Depois de passar por Macaé, a segunda parada da comitiva da OABRJ e da Caarj foi Rio das Ostras. Nesta sexta-feira, dia 30, o presidente da OABRJ, Luciano Bandeira, está percorrendo pontos de atendimento na Região dos Lagos para ampliar a estrutura de suporte ao trabalho da advocacia nesses locais. 

Recepcionado pela presidente da OAB/Rio das Ostras, Michelle Mansur, Luciano inaugurou a ampliação da central de peticionamento da sala que a Ordem mantém no fórum local. A bancada de trabalho foi ampliada para que mais baias fossem instaladas, permitindo que o número de máquinas disponíveis para os colegas fosse duplicado (passou de dois para quatro), enquanto se observa o distanciamento social. Restou ainda espaço para a instalação de mais equipamentos no futuro. 

A ocasião reuniu os ex-presidentes da subseção Norma Ferreira, Samuel Mendes (que hoje coordena as subseções da Região dos Lagos no Departamento de Apoio às Subseções da OABRJ) e Alan Araújo. 

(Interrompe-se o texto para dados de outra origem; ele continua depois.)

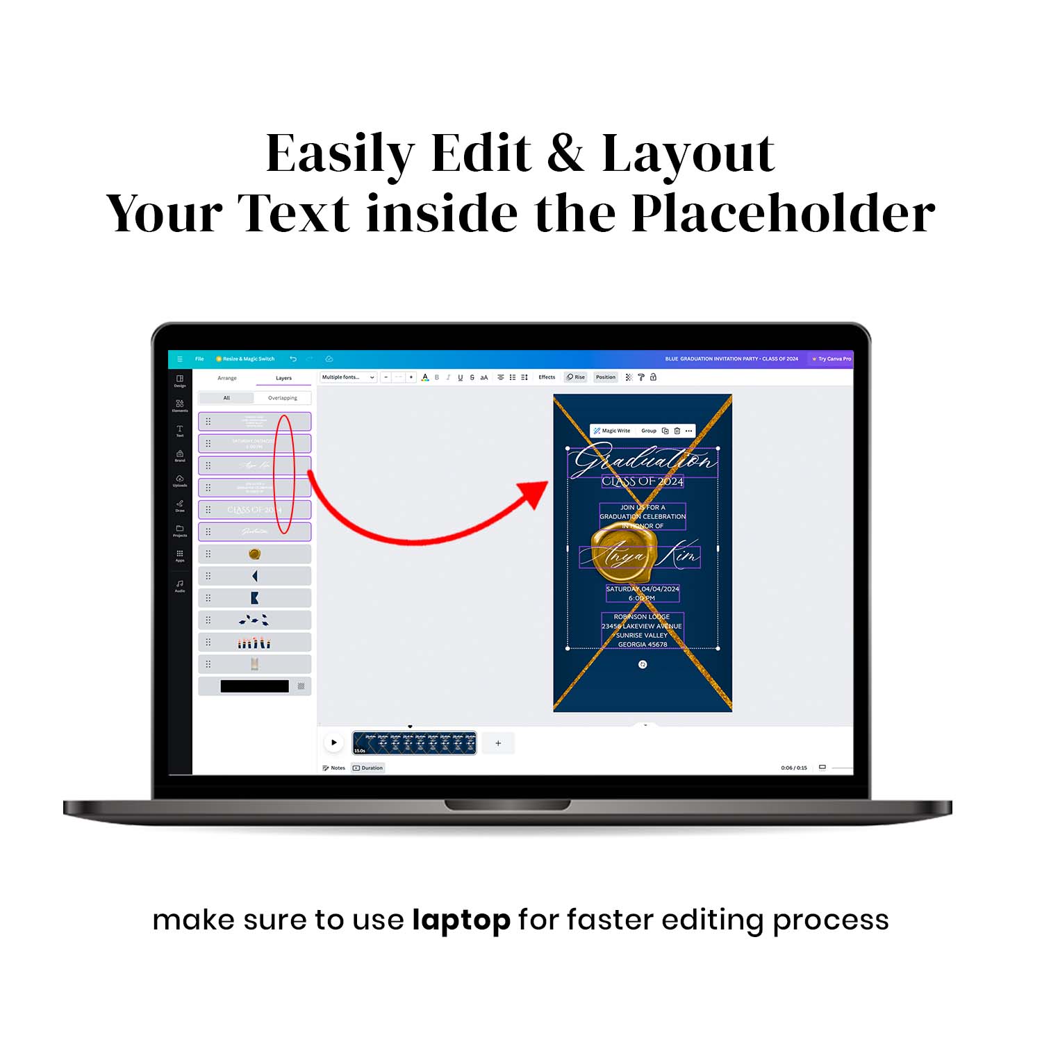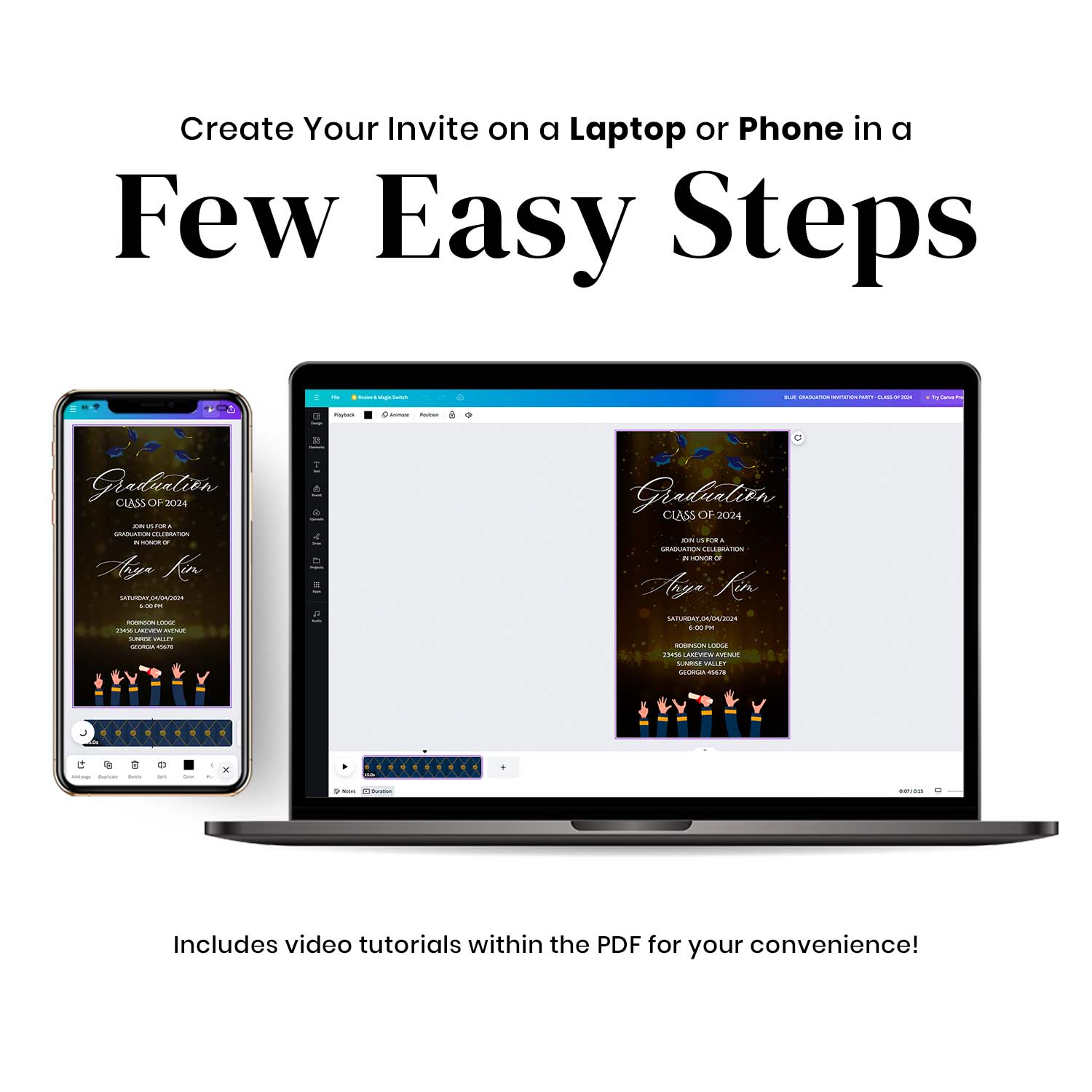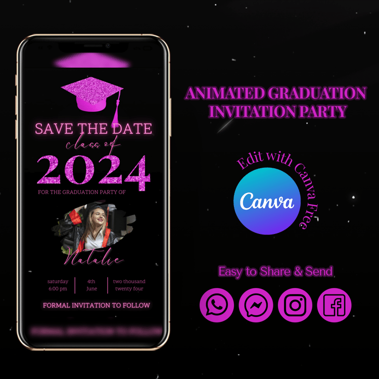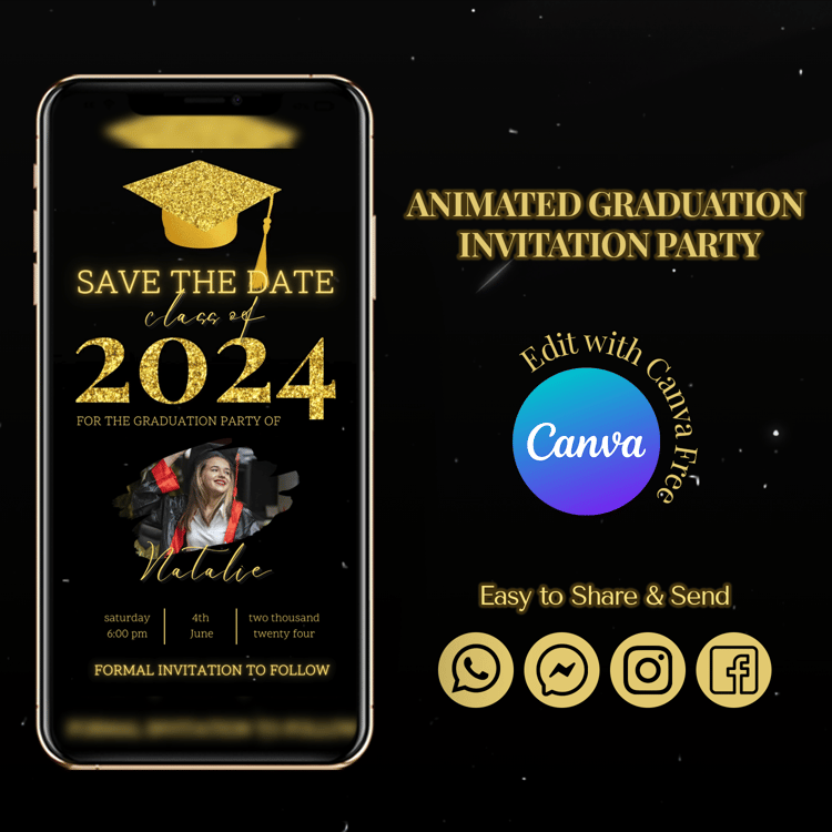 Invite your guests to your graduation event with a unique and modern touch using this special animated graduation party invitation templates. With the convenience of a video text message, it’s quick and easy to send. This template provides instant access without any need for installation.

Acompanharam Luciano a vice-presidente da OABRJ, Ana Teresa Basílio; o secretário-geral da Seccional, Álvaro Quintão; o tesoureiro, Marcello Oliveira; e o secretário-adjunto e diretor do Departamento de Apoio às Subseções, Fábio Nogueira; o assessor-executivo da Presidência da Seccional, Carlos André Pedrazzi, e a presidente da OAB Jovem da Seccional e do Conselho Federal, Amanda Magalhães.

A Caarj esteve representada pelo presidente, Ricardo Menezes; a vice, Marisa Gaudio; o secretário-geral, Mauro Pereira dos Santos; o tesoureiro, Frederico Mendes; e o procurador Romualdo Mendes de Freitas Filho.

O presidente da Subseção de Cabo Frio, Kelven Lima, o ex-presidente da OAB/Bangu Ronaldo Barros, e o presidente do Sindicato dos Advogados do Estado, Claudio Goulart, também prestigiaram a visita. 

Michelle exaltou o comprometimento da Seccional com o bem-estar da advocacia e o incremento estrutural dos pontos de atendimento da Ordem sobretudo neste momento grave de pandemia.

Luciano voltou a frisar que o foco é a entrega para a advocacia de melhorias concretas que garantam a sobrevivência profissional dos colegas. 

“A advocacia precisa da estrutura telepresencial para poder exercer a profissão neste momento em que os tribunais estão operando de forma híbrida. Com o maior número de baias, conseguimos instalar mais equipamentos e manter o distanciamento social. Assim que possível, cada uma será ocupada por um computador”, disse. 

“Estamos ao lado da advocacia superando este que é o maior desafio do século, de cabeça erguida, honrando os pilares da gestão: estrutura, serviço e prerrogativas”.